Let’s analyze this step by step:

### **Step 1: Understand \( u(t) \)**
- \( u(t) \) is the unit step function.
- It "turns on" at \( t = 0 \), so:
  - For \( t < 0 \): \( u(t) = 0 \).
  - For \( t \geq 0 \): \( u(t) = 1 \).

### **Step 2: Understand \( u(t-1) \)**
- \( u(t-1) \) is the unit step function shifted to the right by 1.
- It "turns on" at \( t = 1 \), so:
  - For \( t < 1 \): \( u(t-1) = 0 \).
  - For \( t \geq 1 \): \( u(t-1) = 1 \).

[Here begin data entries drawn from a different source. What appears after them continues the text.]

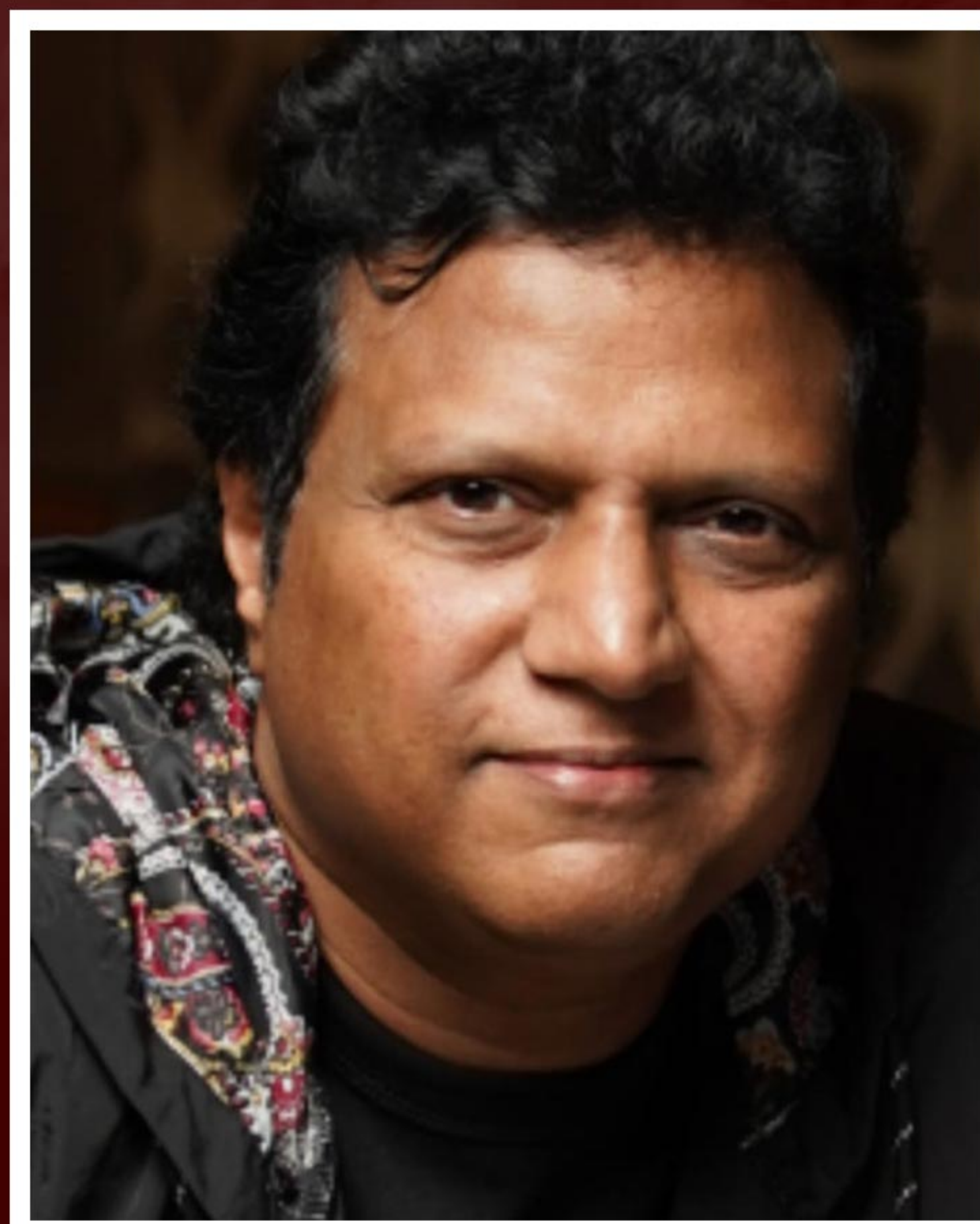
Melody Bramha Sri. Mani Sharma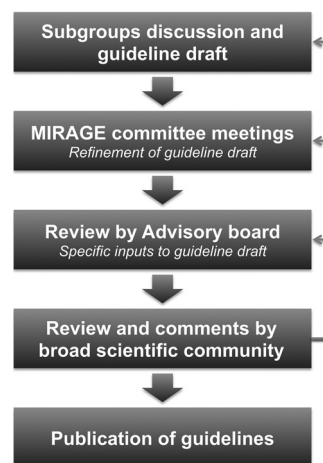
FIG. 1. Process used within the MIRAGE project for the development of guidelines. The multistep process established for this purpose includes drafting within the subgroups, refinement within the entire working group, and reviews by the advisory board. Finally, the scientific community is invited to comment so as to achieve broad agreement and minimize potential mistakes and misunderstandings.

The MIRAGE Project —In 2009, at the Workshop on Analytical and Bioinformatic Glycomics, organized by the Consortium for Functional Glycomics, an international group of glycoscientists concluded that there is an urgent need for the standardization of data reporting in this area (6). Standardiza-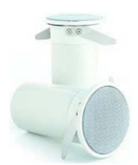
The Linn Sweetspot in-ceiling speakers.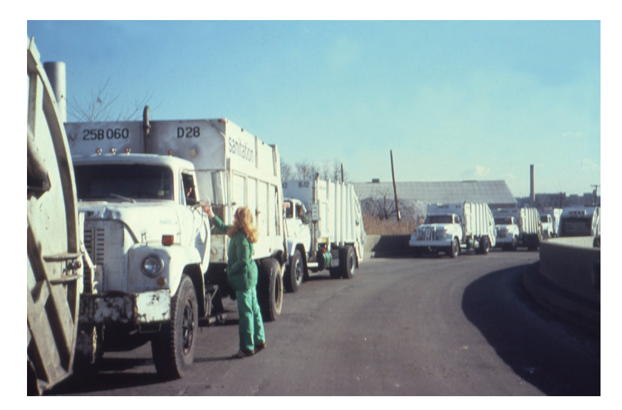
Mierle Laderman Ukeles, Touch Sanitation Performance, 1979-80; "Handshake Ritual" with workers of New York City Department of Sanitation.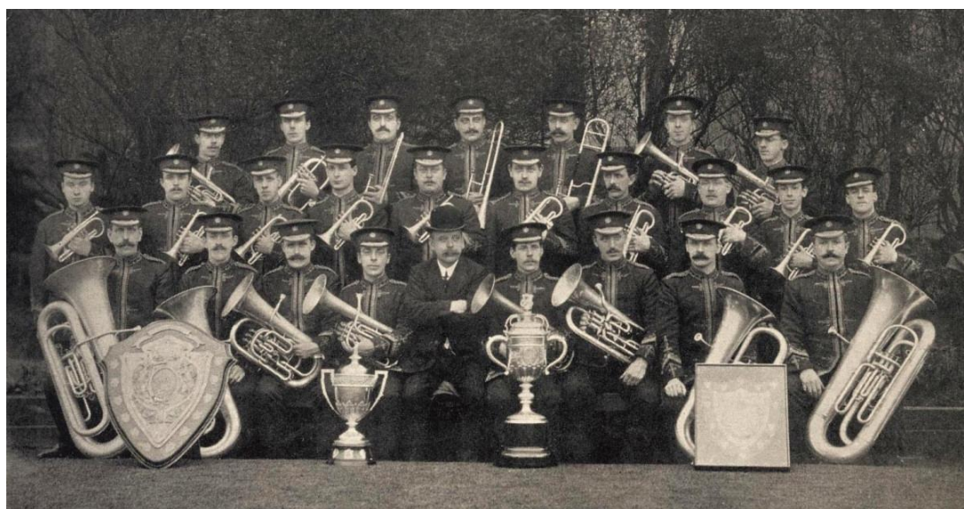
Perfection Soap Works Band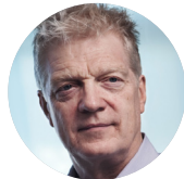
SIR KEN ROBINSON

In Davos you will hear from world-renowned experts and speakers, including keynote Sir Ken Robinson , an internationally recognized leader in the development of education, creativity and innovation. With one of the most viewed TED Talks of all time, his speech will challenge you to examine the ways technology and globalization are impacting schools throughout the world. Then, using the design thinking process, you'll collaborate with peers in small international teams to develop local solutions. The conference culminates with the Innovation Village, a showcase of student work where your ideas are shared and celebrated.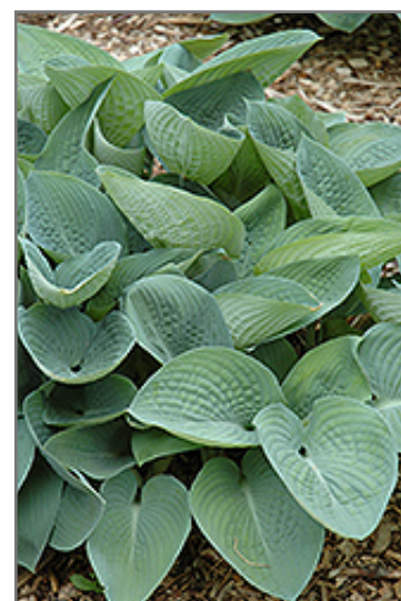
Blue Vision Hosta foliage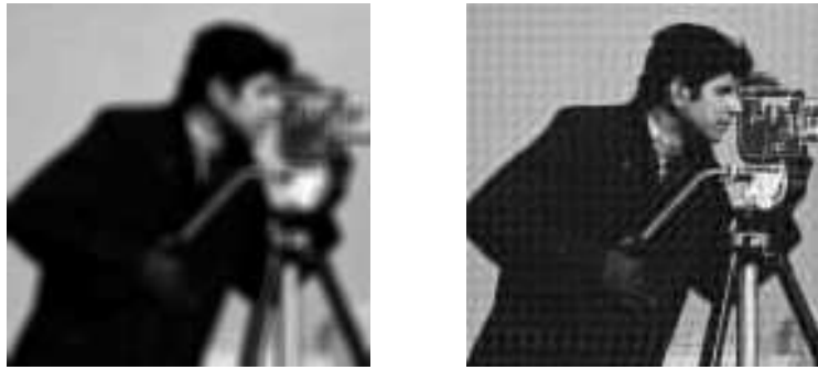
Fig. 4.2. The blurred and noisy image by the average blur (left) and the restored image (right).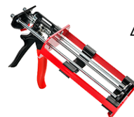
400ml Extrusion Tool

Once the damaged, decayed and discoloured wood has been removed by use of a suitable cutter tool such as a router or chisel, then the area to be treated is lightly sanded to ensure excellent adhesion. The moisture content of the wood should be no greater than 18% (check using a standard moisture meter) and damp wood should be allowed to dry naturally, or by way of a hot air gun. The two components are mixed manually into a separate container, and thoroughly agitated for one minute. The 2: 1 mixing ratio should be strictly observed. EWS should be applied directly onto bare wood in the repair area using a standard brush and then left to cure for 20 minutes, prior to carrying out the repair. The repair can then be applied when the EWS is still wet but before it is cured (usually after around 4 hours) Please refer directly to the Timbabuild® EWS data sheet for more details.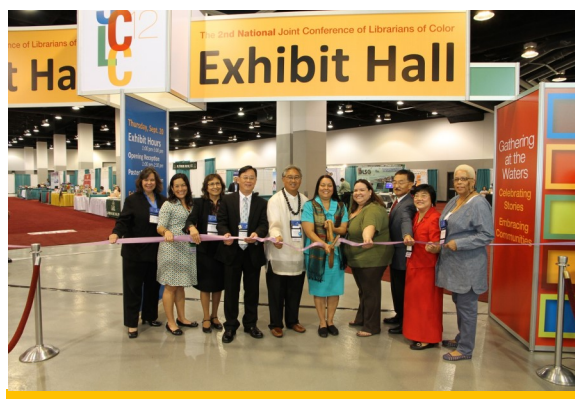
Exhibit Hall Schedule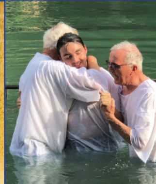
BAPTISM AT THE JORDAN RIVER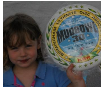
A young Mudbowl fan shows off the 30 th anniversary commemorative disc.

2011 Sporting Clays August 26 at Selwood Farms For more information, visit at www.pathwayshome.org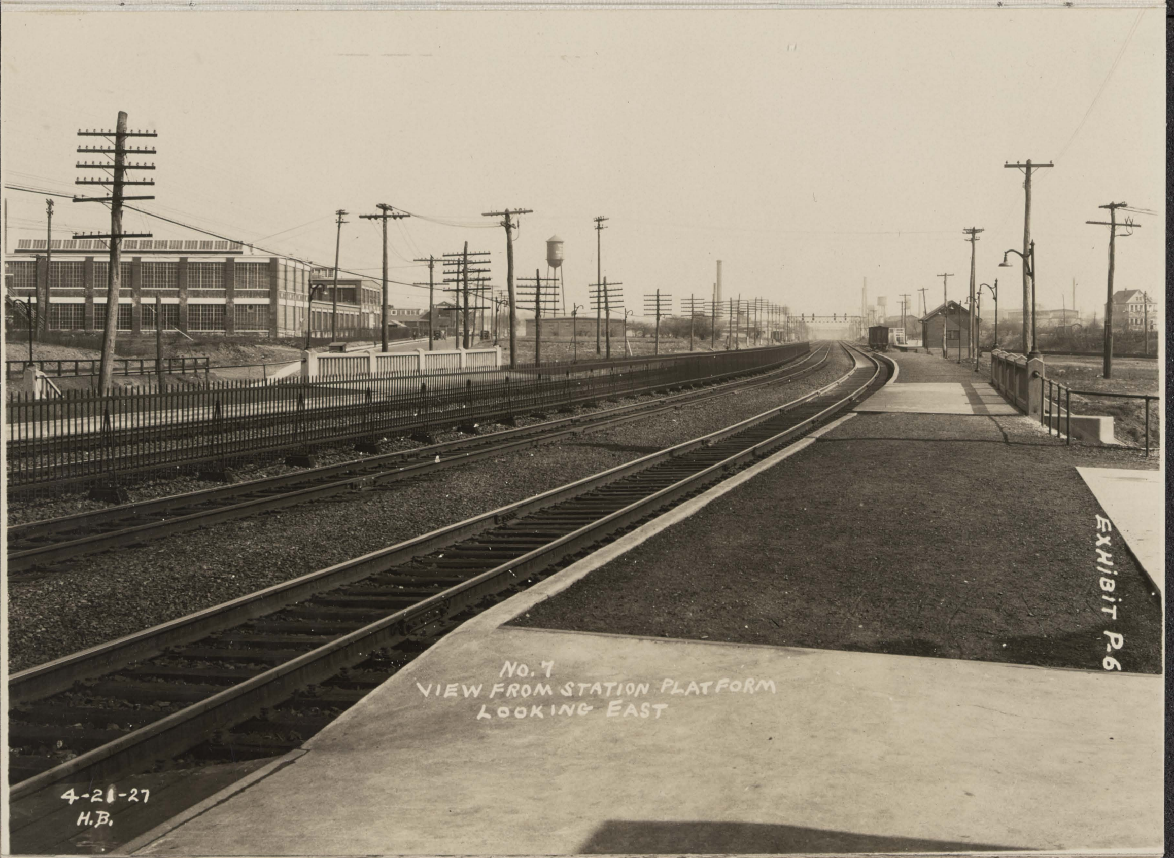
No. 7 VIEW FROM STATION PLATFORM LOOKING EAST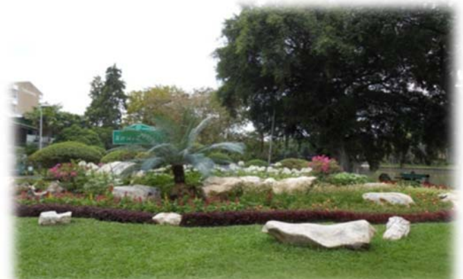
Entrance to Seri Thai Park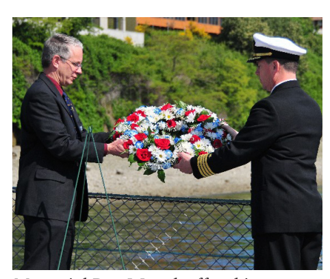
Memorial Day Wreath offered in 2009

Respectfully submitted, Gary S Gunderson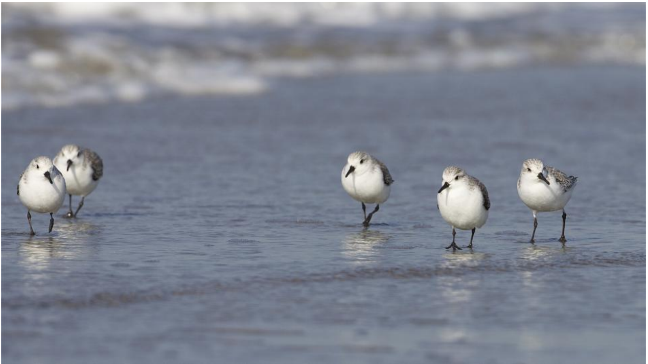
Five Sanderlings ( Calidris alba )

The sanderling, then, is bound to disappear, as was always its fate. In speaking about loss in the context of a bird who continually loses the ground beneath its feet and the marks it makes on the soil, this is a particularly resonant poem for the Anthropocene—a time in which we stand to lose so much, not least sandpipers, a family that includes a number of birds on the IUCN red list of threatened species. Still, the internal rhyme of the poem's final two lines conveys a sense that although short lived, the sanderling's fight for existence was not entirely misguided: it hints that there has been harmony, beauty, and a sense of belonging in its being.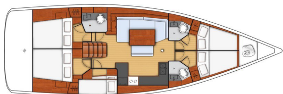
5 cabins - 3 heads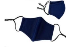
Adjustable Cotton Spandex Face Mask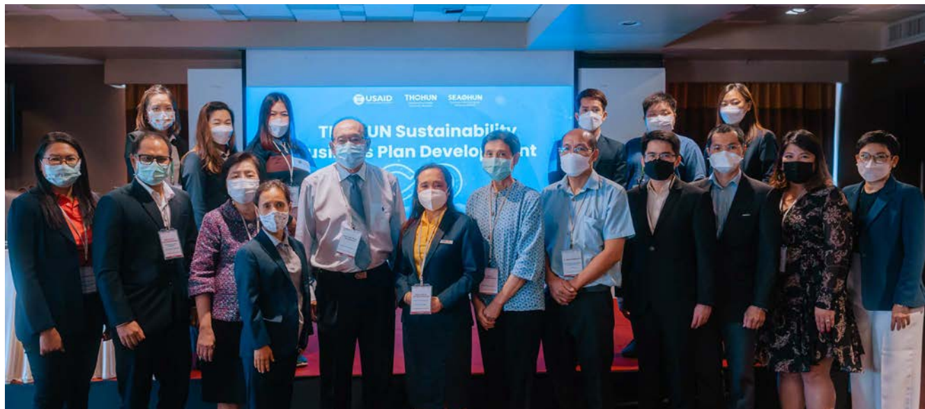
THOHUN conducted a two-day sustainability business plan development workshop at Siam Design Hotel in Bangkok, 9-10 January 2023.

THOHUN is planning to implement its sustainability plan by leveraging its strengths. To further organizational sustainability, THOHUN will promote its successful history of receiving multiple rounds of USAID funding, as well as funding support from high-profile private sector companies, to attract new donors. Furthermore, the breadth and depth of multi-disciplinary technical expertise of THOHUN members will be documented in the THOHUN database. THOHUN also hopes to create an extensive library of One Health-related curricula and training materials to promote One Health development and capacity building in Thailand. These activities are expected to be executed by the end of Year 4 of the OHW-NG project.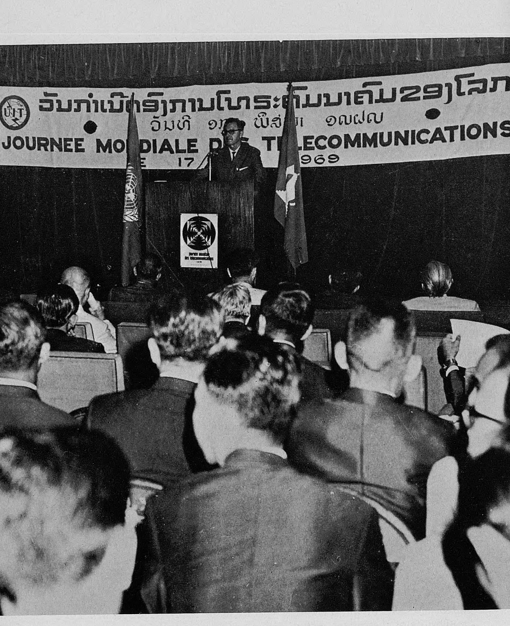
The ceremony on 17 May 1969 at Vientiane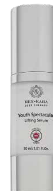
Intense firming The skin feels wonderfully fresh and smooth

Hydra Active Cleansing Gel (+) Ionised gel for channelling into the skin with the SPI device. The deep cleansing effect of the active ingredients frees the skin of pollutants, impurities and excess sebum.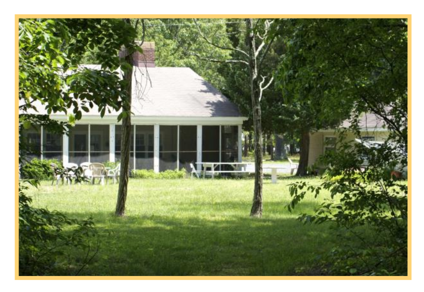
A Natural Setting for Hope, Transformation, Service, and Fun!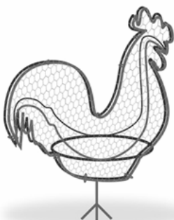
Wire toys and puzzles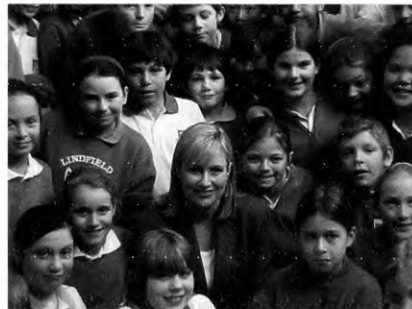
Melissa Doyle, host of Sunrise, reading to students at Lindfield Public School

Our thanks also go to Australia Post who generously supported National Simultaneous Storytime in 2004. We look forward to their continued support of the event.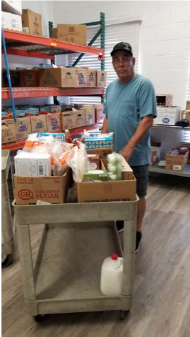
Casa Grande Food Bank

The Opportunity Tree provided services to 30 seniors with cognitive disabilities, Seeds of Hope provided services to 23 seniors and Against Abuse provided advocacy services to 73 individuals.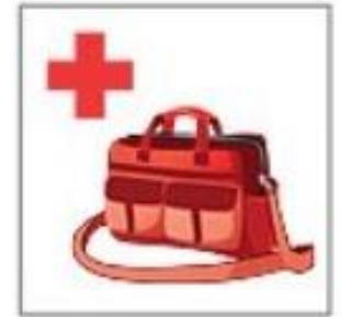
Medically Necessary and Diaper Bags*

*Infant and Medical supplies will be permitted after proper inspection.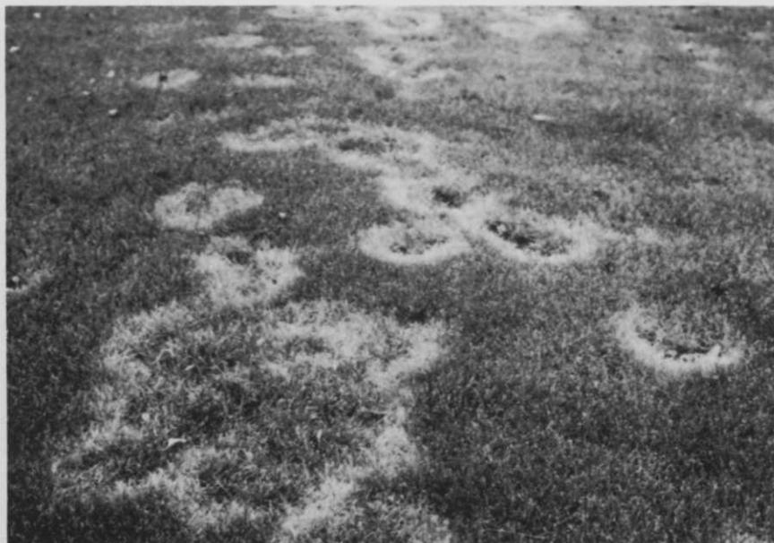
Necrotic ring spot on Kentucky bluegrass.

or severely damaged during this period, which is where the term melting out arises. The entire stand of Kentucky bluegrass seems to melt away.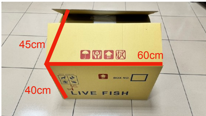
Front view of box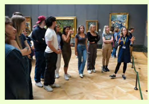
Year 12 Art & Photography students recently went to the National Gallery, National Portrait Gallery and the Tate Modern to seek inspiration for the second year of their courses. An inspiring day was had by all.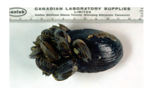
Figure 7.2 Zebra mussel.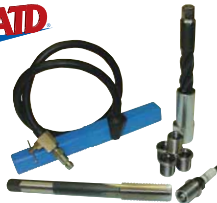
ATD-5400 Ford Spark Plug Insert Installer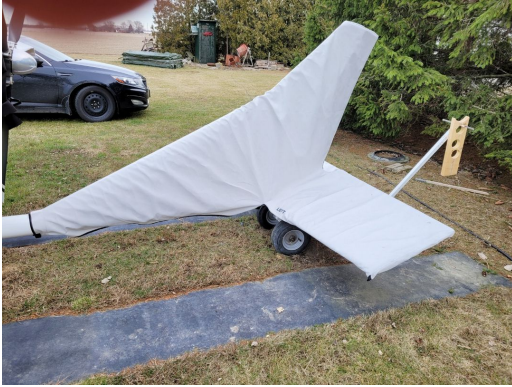
Titan Tornado Empennage Cover

WINTER USE MATERIAL - Made with Solution-Dyed Polyester fabric, this option is intended for seasonal use to aid in deicing, rain mitigation, or for occasional travel. The material is lighter and more compact, but more susceptible to UV damage and may have a shorter useful life if used continuously outside than the all-year use material.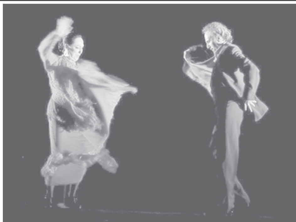
Spanish flamenco dancer Cristina Hoyos (L) performs during her “Viaje al Sur” (Southernbound trip) dance show, at the Garcia Lorca Theatre in Havana.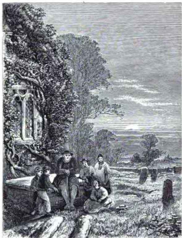
AN OLD MAN, SITTING ON A TOMBSTONE, TELLS THE STORY. Front.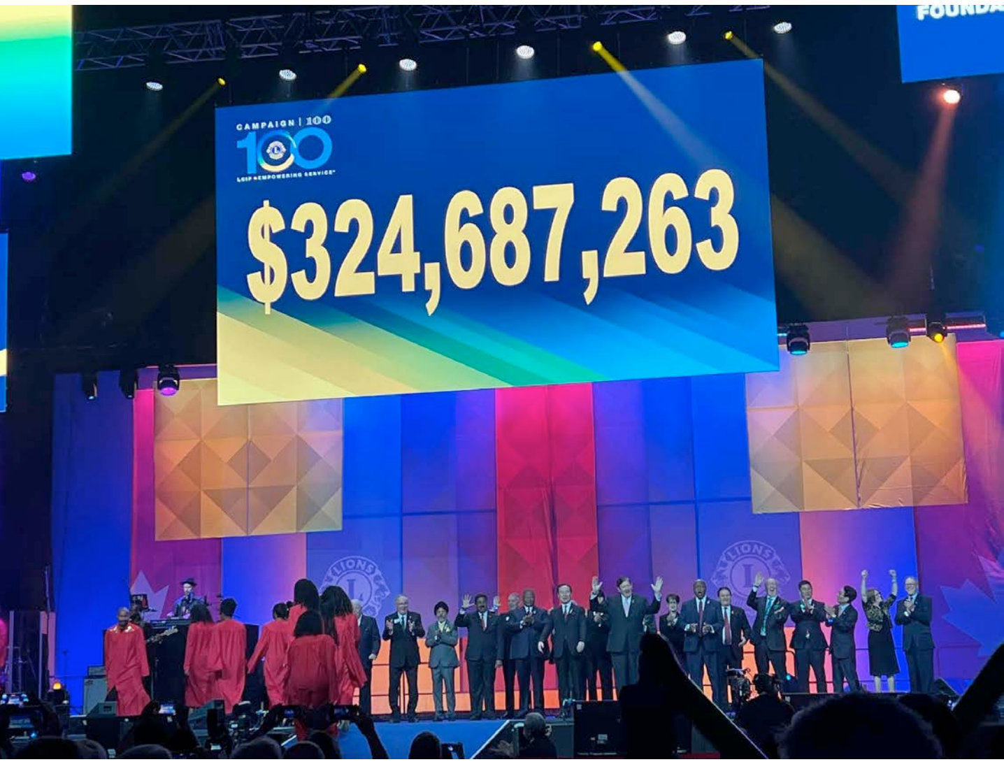
Lions around the world raised this much money during Campaign 100! Way to go Team. Together We Can.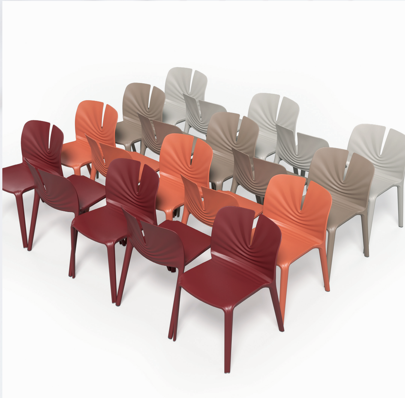
Blooming light and color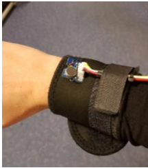
Figure 1: Early version of the vibrotactile device.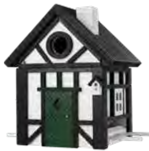
HALF-TIMBERED BLACK COTTAGE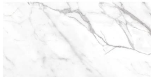
FLOOR –CALACATTA EMPIRE 12X24 - OFFSET PATTERN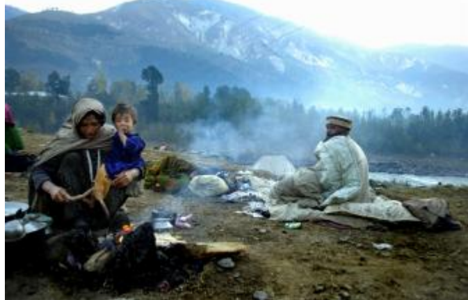
As winter approaches, the Federation is distributing tarpaulins and shelter repair kits to quake-affected people in highland areas

Meanwhile, the process of relocating over 12,000 quake-affected people accommodated in tented villages in Islamabad has started with the return of 1,000 displaced people to their hometowns. The government has launched a nation-wide volunteer drive to hire 1,500 volunteers to help earthquake victims rebuild houses, ahead of the international donors' conference on 19 November. This conference called by the government of Pakistan aimed at filling funding shortfalls and looking ahead to the recovery phase.

### **Step 3: Subtract \( u(t-1) \) from \( u(t) \)**
Now subtract the two step functions:
- For \( t < 0 \): Both \( u(t) = 0 \) and \( u(t-1) = 0 \), so \( x(t) = 0 - 0 = 0 \).
- For \( 0 \leq t < 1 \): \( u(t) = 1 \) and \( u(t-1) = 0 \), so \( x(t) = 1 - 0 = 1 \).
- For \( t \geq 1 \): Both \( u(t) = 1 \) and \( u(t-1) = 1 \), so \( x(t) = 1 - 1 = 0 \).

### **Sketch for (i):**
1. From \( t < 0 \), the signal is 0.
2. From \( t = 0 \) to \( t = 1 \), the signal is 1 (a flat line at height 1).
3. For \( t > 1 \), the signal goes back to 0.

This creates a rectangular pulse from \( t = 0 \) to \( t = 1 \).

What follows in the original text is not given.